Your instructions:
From the first line of the data down to and including the line with "Sharp EL-1701C printing", copy everything exactly, leaving out pictures.

________________________

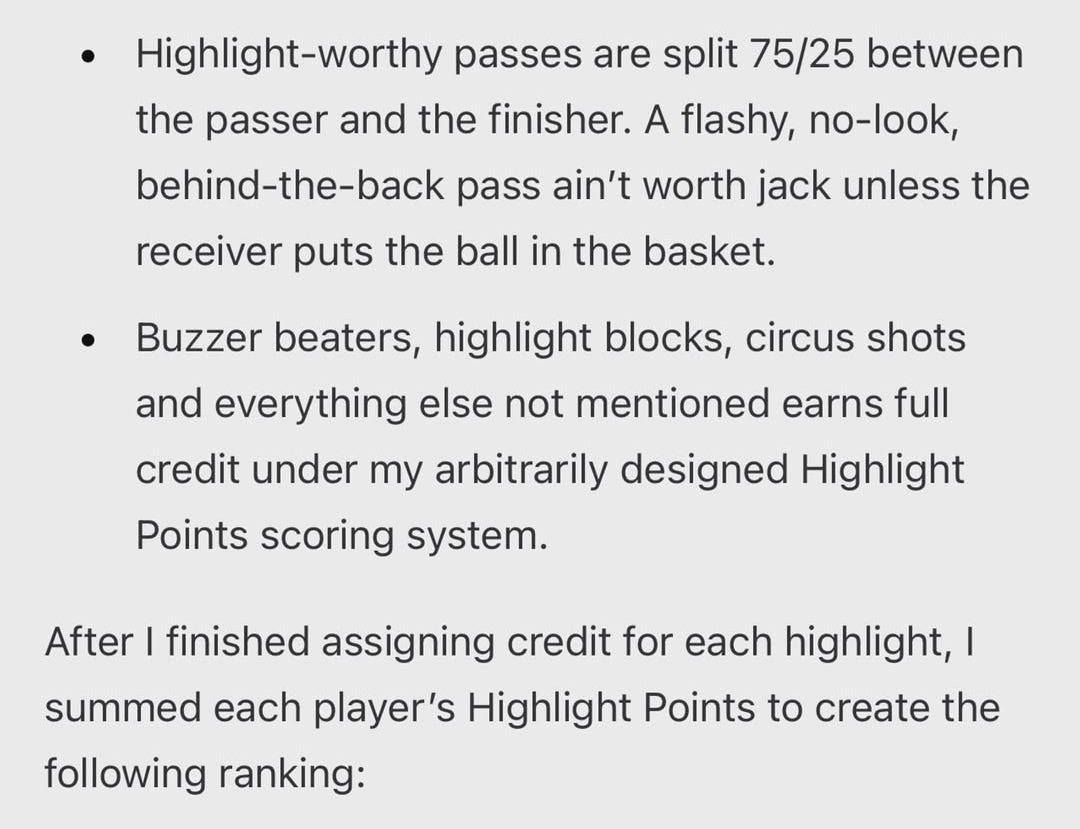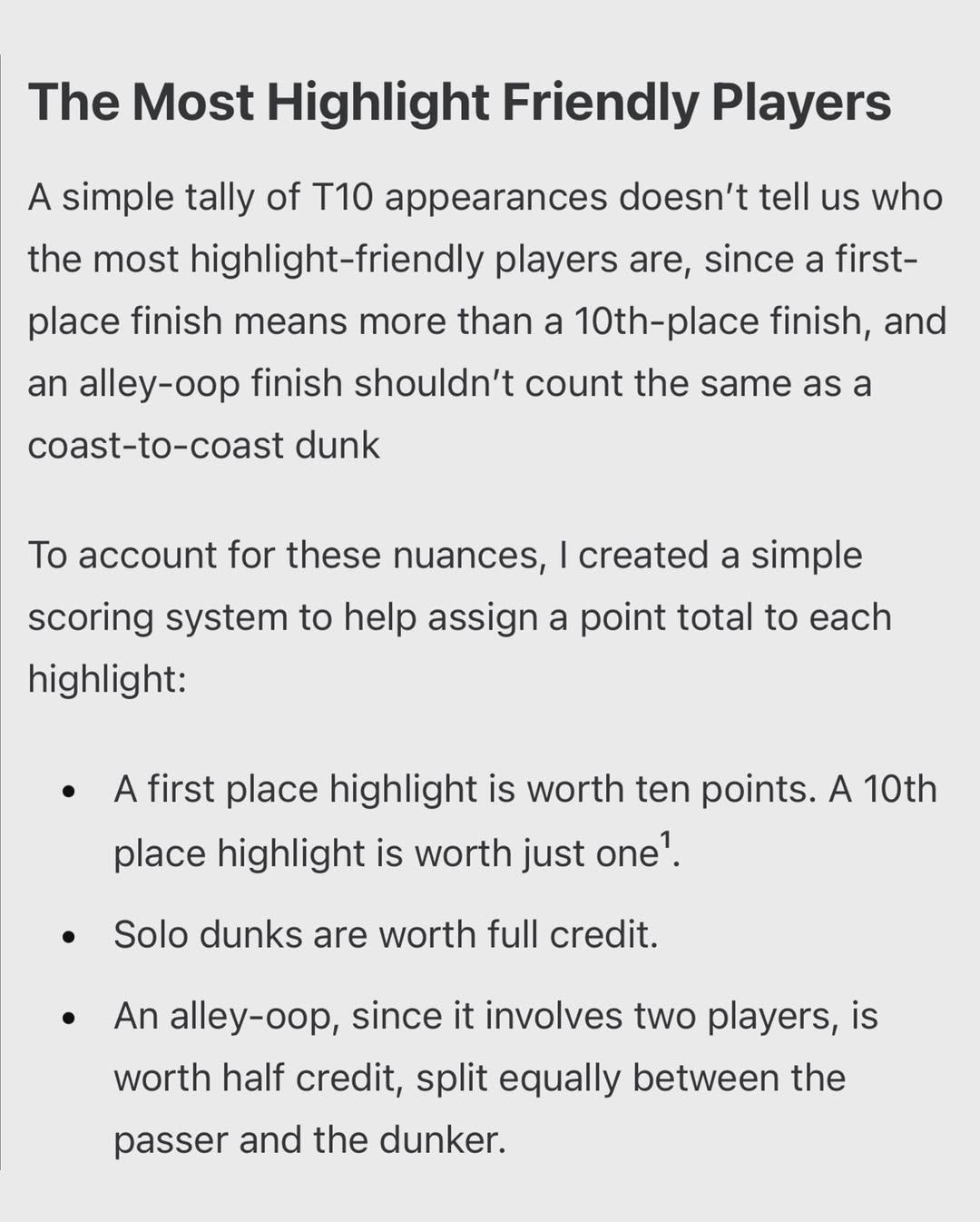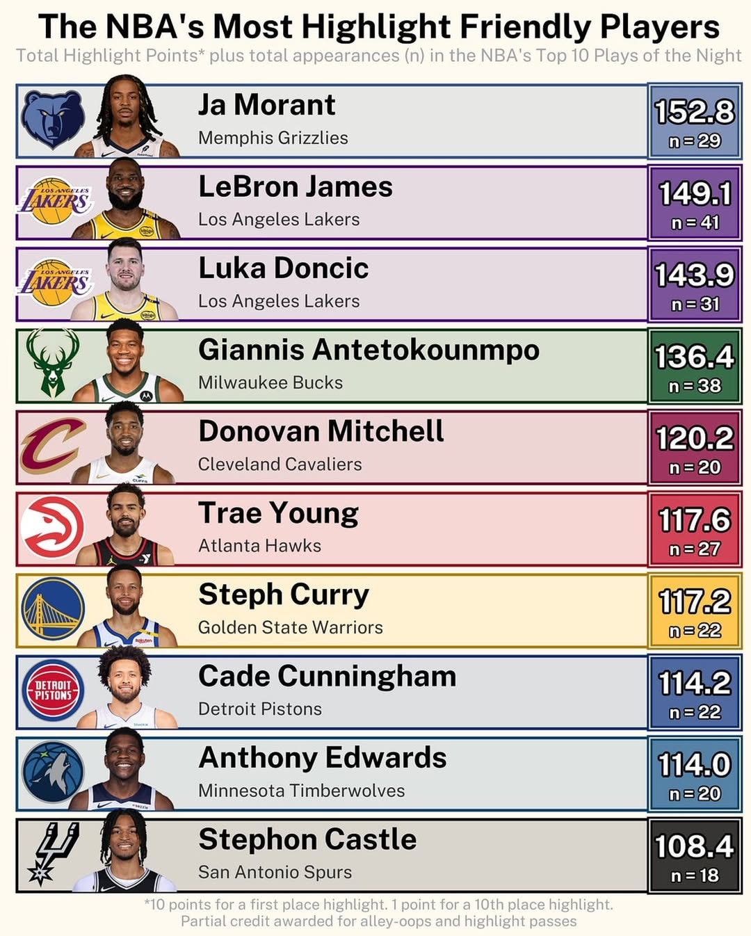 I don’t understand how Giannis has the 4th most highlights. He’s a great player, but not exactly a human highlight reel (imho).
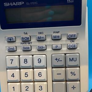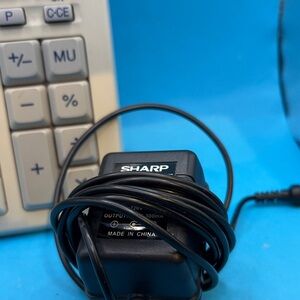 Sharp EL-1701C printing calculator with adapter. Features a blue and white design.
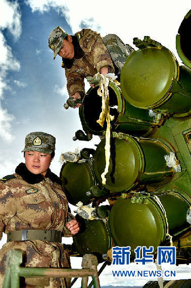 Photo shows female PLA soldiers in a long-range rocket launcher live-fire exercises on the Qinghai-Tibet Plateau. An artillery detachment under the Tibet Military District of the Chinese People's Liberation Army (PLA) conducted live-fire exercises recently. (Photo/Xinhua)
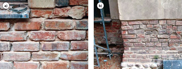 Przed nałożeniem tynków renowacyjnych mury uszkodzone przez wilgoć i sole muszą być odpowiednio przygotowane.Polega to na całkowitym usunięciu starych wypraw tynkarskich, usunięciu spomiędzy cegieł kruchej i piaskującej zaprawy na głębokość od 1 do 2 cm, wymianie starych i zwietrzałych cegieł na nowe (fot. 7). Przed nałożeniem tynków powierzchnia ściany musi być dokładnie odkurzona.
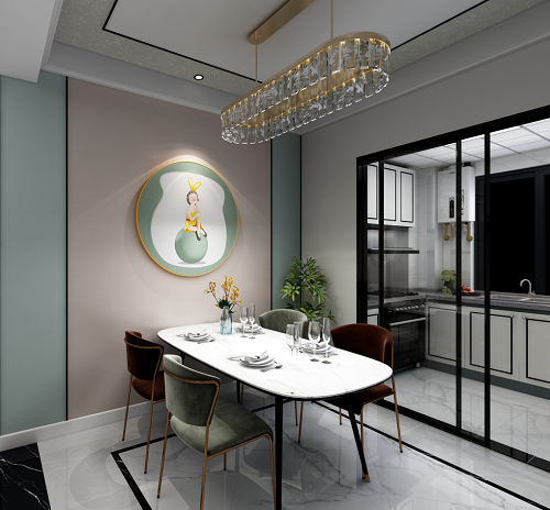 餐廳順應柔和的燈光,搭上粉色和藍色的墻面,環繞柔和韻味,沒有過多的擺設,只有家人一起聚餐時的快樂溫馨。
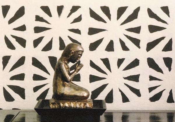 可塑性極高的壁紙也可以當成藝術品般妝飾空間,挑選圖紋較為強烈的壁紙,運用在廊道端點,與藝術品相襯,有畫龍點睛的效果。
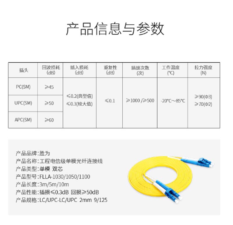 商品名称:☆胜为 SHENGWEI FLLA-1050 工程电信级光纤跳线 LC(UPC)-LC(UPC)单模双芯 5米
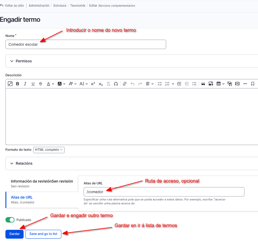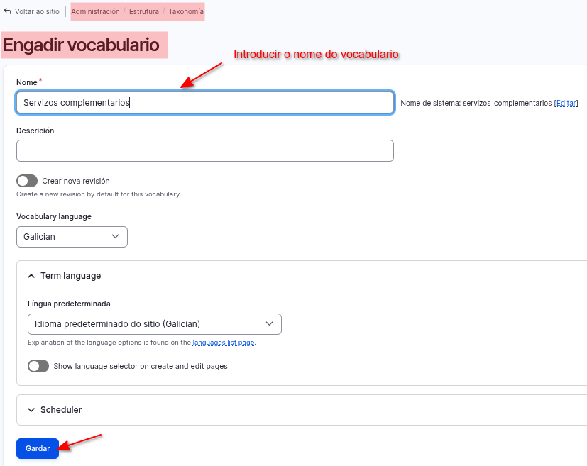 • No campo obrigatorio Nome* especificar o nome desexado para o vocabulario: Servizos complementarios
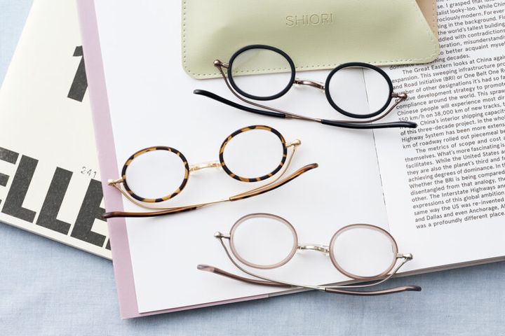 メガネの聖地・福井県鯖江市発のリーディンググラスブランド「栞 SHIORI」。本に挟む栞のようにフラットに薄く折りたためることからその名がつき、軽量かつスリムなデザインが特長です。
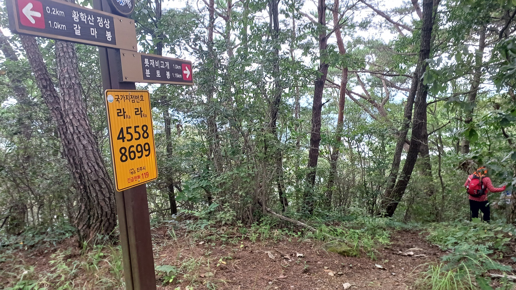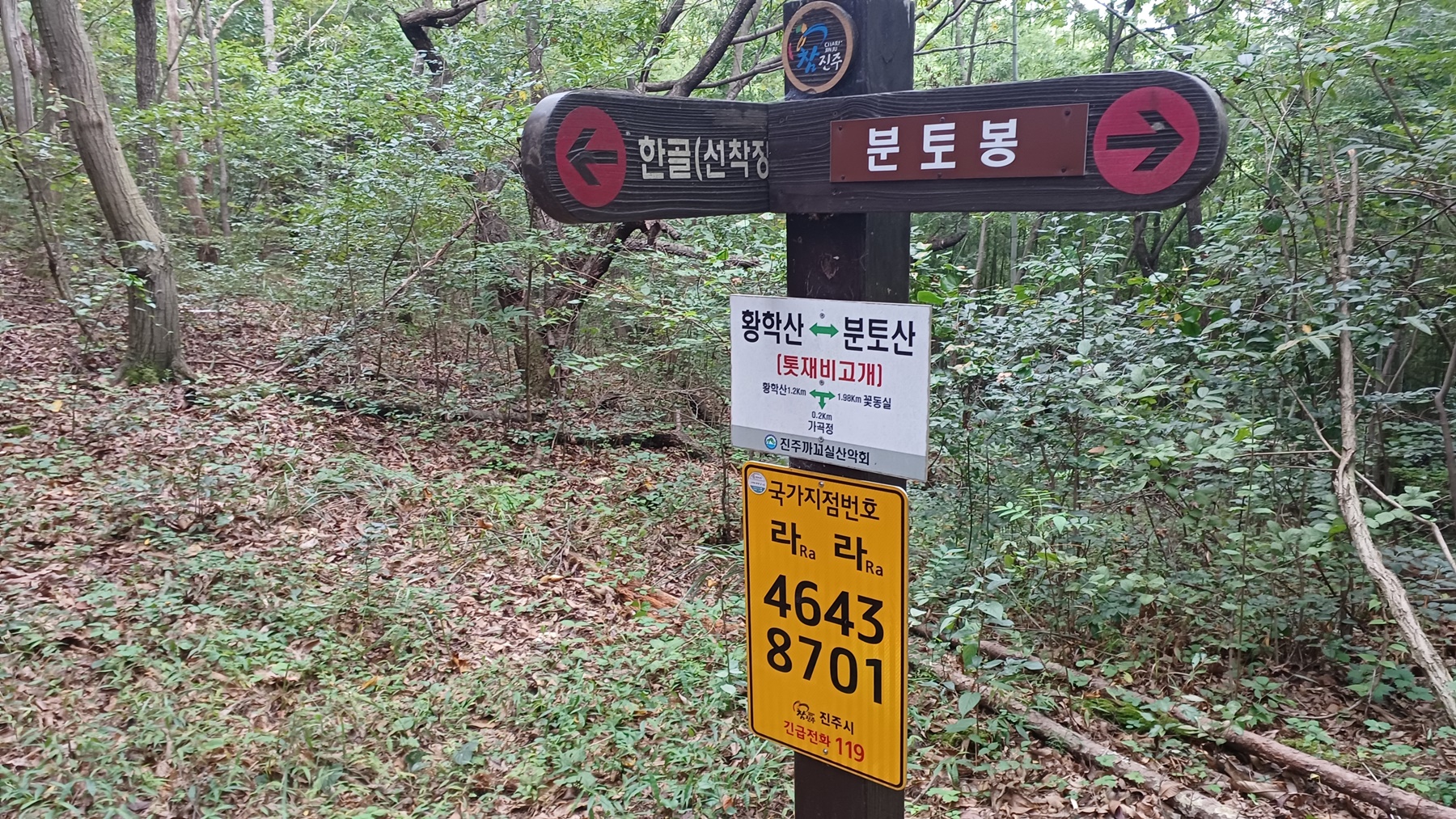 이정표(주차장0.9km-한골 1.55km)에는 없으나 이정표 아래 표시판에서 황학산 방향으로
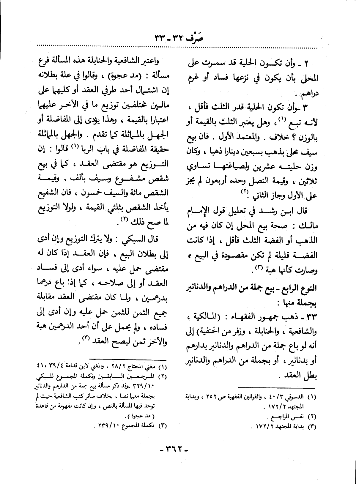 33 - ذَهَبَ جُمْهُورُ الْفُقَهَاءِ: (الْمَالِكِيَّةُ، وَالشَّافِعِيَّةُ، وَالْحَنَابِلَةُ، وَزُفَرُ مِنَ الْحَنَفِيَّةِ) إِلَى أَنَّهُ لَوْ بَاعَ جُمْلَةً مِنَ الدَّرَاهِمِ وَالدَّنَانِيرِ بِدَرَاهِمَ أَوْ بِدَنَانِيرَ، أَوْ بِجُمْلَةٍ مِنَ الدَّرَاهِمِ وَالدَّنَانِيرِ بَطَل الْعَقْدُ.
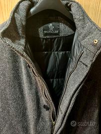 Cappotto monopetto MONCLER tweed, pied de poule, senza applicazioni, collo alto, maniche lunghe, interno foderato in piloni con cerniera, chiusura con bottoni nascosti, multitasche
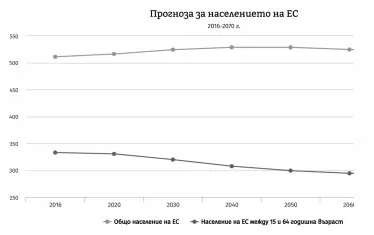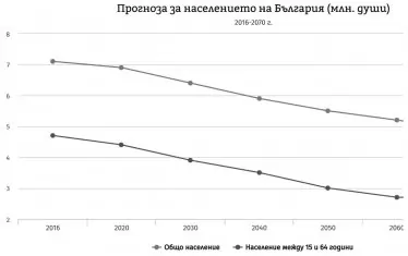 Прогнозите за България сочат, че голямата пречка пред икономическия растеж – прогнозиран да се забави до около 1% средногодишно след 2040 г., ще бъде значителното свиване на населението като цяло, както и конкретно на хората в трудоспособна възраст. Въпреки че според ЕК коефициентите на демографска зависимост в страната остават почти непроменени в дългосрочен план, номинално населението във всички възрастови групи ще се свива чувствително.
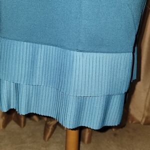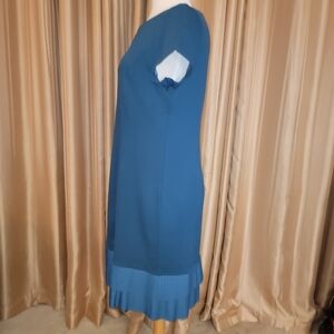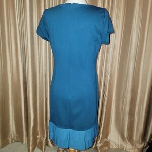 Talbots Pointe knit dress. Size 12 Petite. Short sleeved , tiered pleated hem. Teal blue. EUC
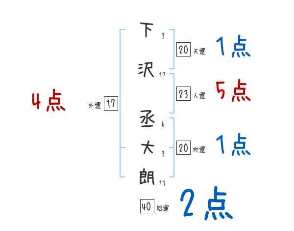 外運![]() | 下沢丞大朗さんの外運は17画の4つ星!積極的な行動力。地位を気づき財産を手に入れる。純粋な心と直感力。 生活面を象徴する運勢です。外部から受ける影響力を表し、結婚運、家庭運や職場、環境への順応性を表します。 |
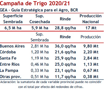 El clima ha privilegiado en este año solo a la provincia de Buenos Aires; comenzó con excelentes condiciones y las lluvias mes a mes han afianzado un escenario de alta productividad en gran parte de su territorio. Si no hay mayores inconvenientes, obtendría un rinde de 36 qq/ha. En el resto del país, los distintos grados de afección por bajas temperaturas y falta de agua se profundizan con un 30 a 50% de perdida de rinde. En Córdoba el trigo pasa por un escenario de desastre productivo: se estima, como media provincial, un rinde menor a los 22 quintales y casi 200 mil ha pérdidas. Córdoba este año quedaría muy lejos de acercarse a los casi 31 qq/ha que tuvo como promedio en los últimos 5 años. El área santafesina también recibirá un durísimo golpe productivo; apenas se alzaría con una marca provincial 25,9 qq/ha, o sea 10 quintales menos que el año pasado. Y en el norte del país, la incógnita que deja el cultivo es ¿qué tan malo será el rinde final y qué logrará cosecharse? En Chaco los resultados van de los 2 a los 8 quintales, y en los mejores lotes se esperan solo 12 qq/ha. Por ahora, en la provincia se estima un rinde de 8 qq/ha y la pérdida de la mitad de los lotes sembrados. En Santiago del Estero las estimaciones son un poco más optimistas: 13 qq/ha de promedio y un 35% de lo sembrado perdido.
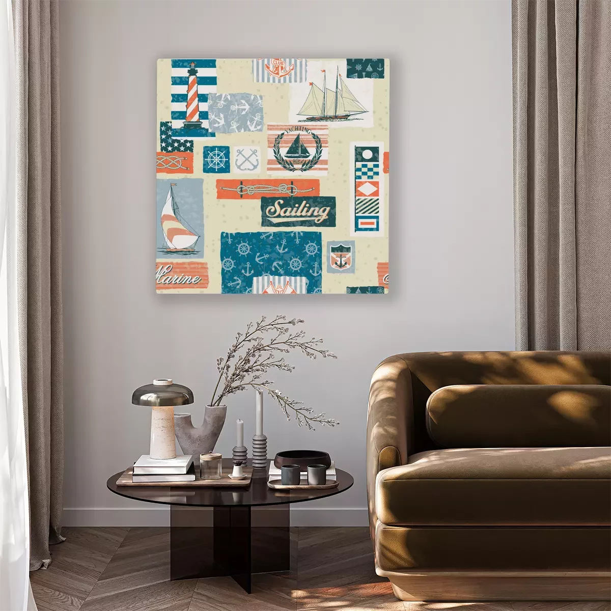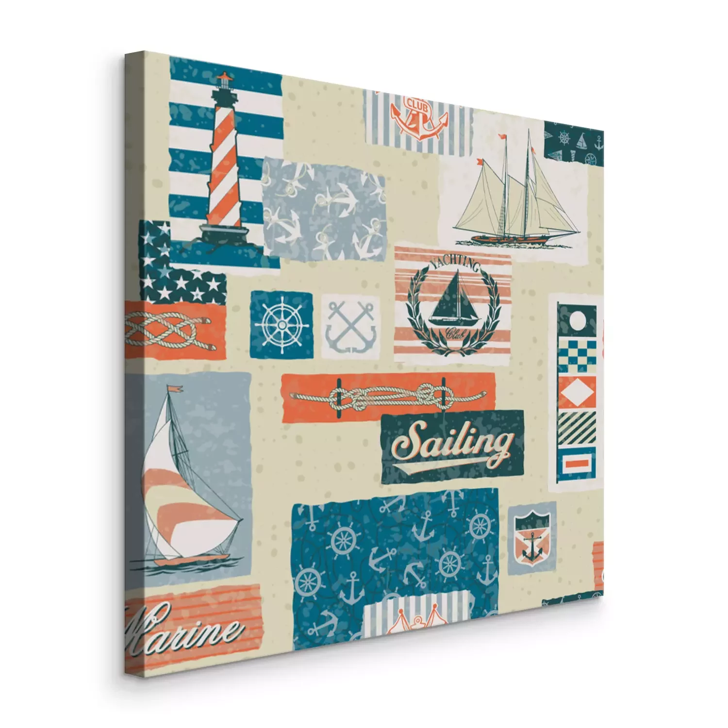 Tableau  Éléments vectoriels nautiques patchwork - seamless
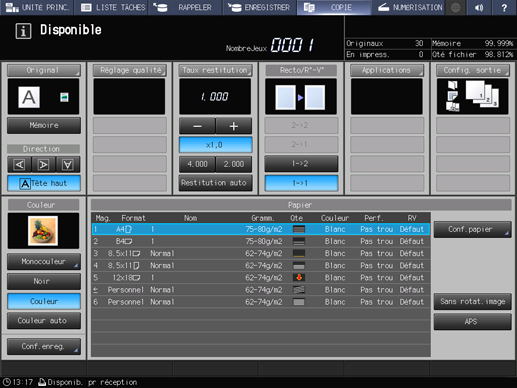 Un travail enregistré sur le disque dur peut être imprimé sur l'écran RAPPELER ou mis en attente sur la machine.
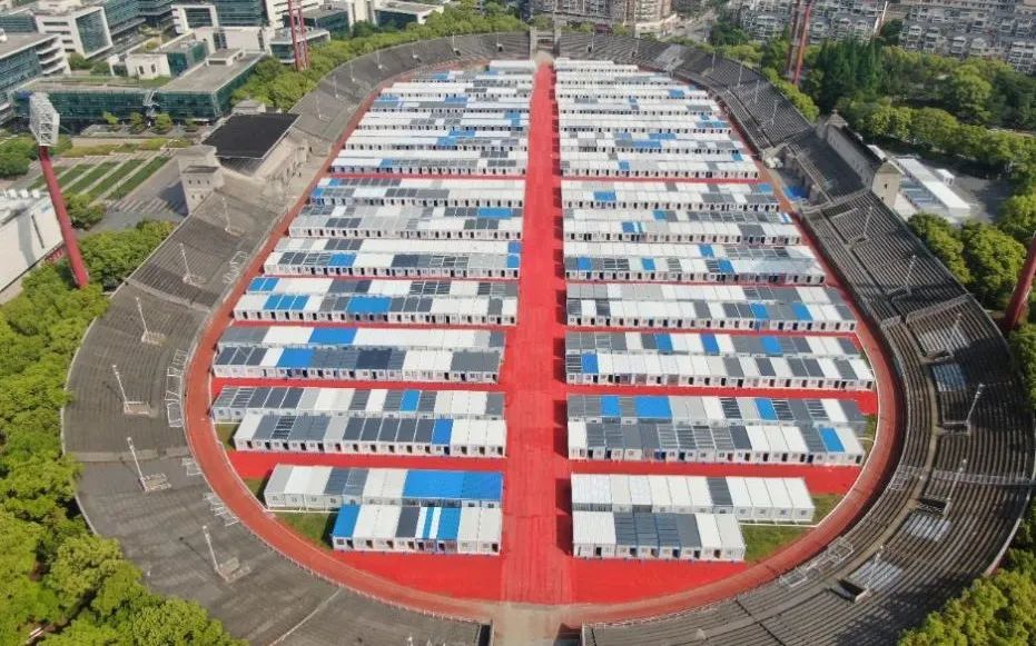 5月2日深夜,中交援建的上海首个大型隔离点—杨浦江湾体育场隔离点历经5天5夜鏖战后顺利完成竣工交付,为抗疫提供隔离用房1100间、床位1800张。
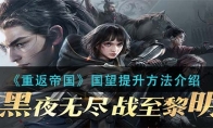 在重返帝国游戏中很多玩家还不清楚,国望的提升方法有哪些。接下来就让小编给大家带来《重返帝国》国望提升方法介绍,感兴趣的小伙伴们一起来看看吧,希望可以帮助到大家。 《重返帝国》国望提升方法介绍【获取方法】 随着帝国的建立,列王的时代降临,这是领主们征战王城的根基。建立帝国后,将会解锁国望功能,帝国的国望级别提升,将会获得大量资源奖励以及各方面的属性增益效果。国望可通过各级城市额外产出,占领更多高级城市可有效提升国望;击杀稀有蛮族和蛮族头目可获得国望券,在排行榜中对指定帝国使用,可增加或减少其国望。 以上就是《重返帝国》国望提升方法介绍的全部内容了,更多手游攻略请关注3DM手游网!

________________________

Exercise response:
 I don’t understand how Giannis has the 4th most highlights. He’s a great player, but not exactly a human highlight reel (imho).
 Sharp EL-1701C printing calculator with adapter. Features a blue and white design.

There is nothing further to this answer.